Table 1. The identified barriers and solutions for plastics circularity outlined along the simplified value chain (zu Castell-Rüdenhausen and Marttila, 2023).

Firstly, the value chain stage for waste collection and pre-treatment (A) was shown to encounter several barriers, such as problems with collection volumes being small and vulnerable for changes in quality. A key barrier presented in the stakeholder interaction was that post-consumer recycling often cannot reach economy of scale; small volumes and poorly sorted waste prevents recycling of other than commodity polymers. It was highlighted that today, mainly post-consumer recycled polyolefins and PET are available on the market, whereas other recycled plastics are mainly post-industrial.
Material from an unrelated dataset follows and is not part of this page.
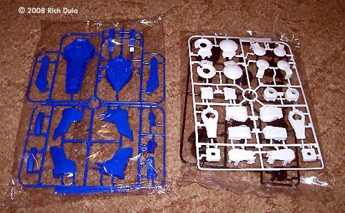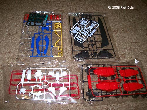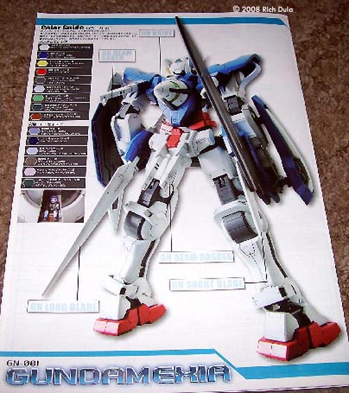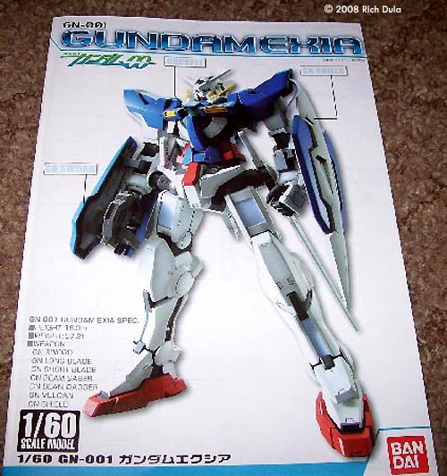 I was browsing through Just 4 Fun (formerly The Hobby Hub) in Lansing, MI a couple weeks back, and I saw this huge box sitting on the shelf. When I looked closer, I found out it was a 1:60 scale Gundam kit. I wasn't familiar with the Exia design, but I liked it, so it became part of my Closet O' Doom. The Exia is one of the designs from Gundam 00 (aka Double 0). Gundam 00 is the newest television segment in the Gundam franchise. The series premiered in October 2007, and the Exia kit was released in November. The show follows four mobile suit pilots termed Gundam Meisters sided with Celestial Being. The protagionst is 16-year old Setsuna F. Seiei a quiet, taciturn young man who grew up in the Kurdish Republic, and a Gundam Meister for two years. The Exia, his mobile suit, is specifically suited for melee combat and is equipped with an armaments set known as the “Seven Swords”. More information is available at Wikipedia. This kit is in scale with Bandai's Perfect Grade kits, but is about as difficult to build as a standard High Grade kit, according to information I found on HobbyLink Japan. Overview As with most Gundam kits, this one is colorfully-boxed and is crammed full of sprues. |

The quality of the collected waste was stated to be affected by most products being designed without consideration for end-of-life. Mixing of polymers occurs at collection since collection systems do not separate polymers. It was highlighted that a non-stable feedstock quality results in variances in the produced recycled plastics. So far, obligatory material specific recycling targets were only introduced for packaging. Although many waste streams have obligatory recycling targets, they are not specifically targeting plastic recycling. Furthermore, plastic waste is exported from Europe for treatment both due to lack of capacity and economic incentives for recycling. Reporting allows including waste that is exported for recycling to attain the recycling targets. Today significant volumes of exported plastic waste are reported as recycled, preventing investments in European recycling capacity.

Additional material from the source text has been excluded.